GIVEN MATERIAL

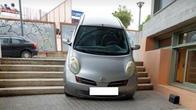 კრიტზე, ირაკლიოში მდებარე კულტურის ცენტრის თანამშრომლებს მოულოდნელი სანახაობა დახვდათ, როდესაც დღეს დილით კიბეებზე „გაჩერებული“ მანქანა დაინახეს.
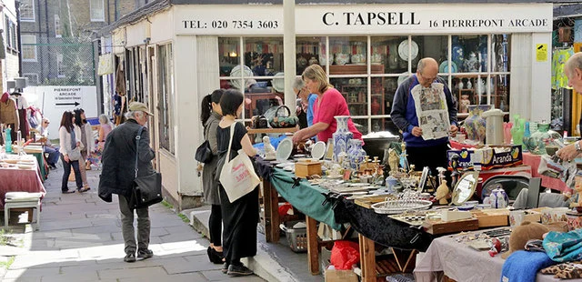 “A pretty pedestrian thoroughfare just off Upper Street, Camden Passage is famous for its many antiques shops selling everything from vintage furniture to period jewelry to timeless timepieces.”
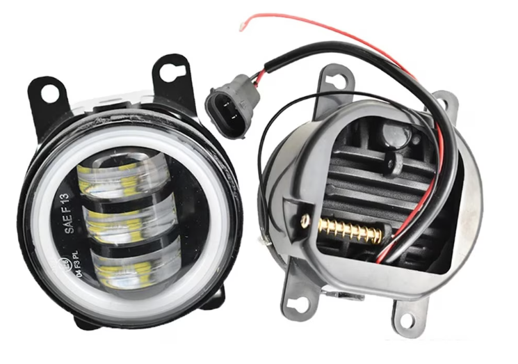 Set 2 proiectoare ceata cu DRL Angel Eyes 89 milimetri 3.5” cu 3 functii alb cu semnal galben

WHAT YOU HAVE TO DO
No pictures belong in the copy. Return exactly the lines from the line containing "pretty pedestrian thoroughfare" through the last line of the listing.

TASK ANSWER
 “A pretty pedestrian thoroughfare just off Upper Street, Camden Passage is famous for its many antiques shops selling everything from vintage furniture to period jewelry to timeless timepieces.”
 Set 2 proiectoare ceata cu DRL Angel Eyes 89 milimetri 3.5” cu 3 functii alb cu semnal galben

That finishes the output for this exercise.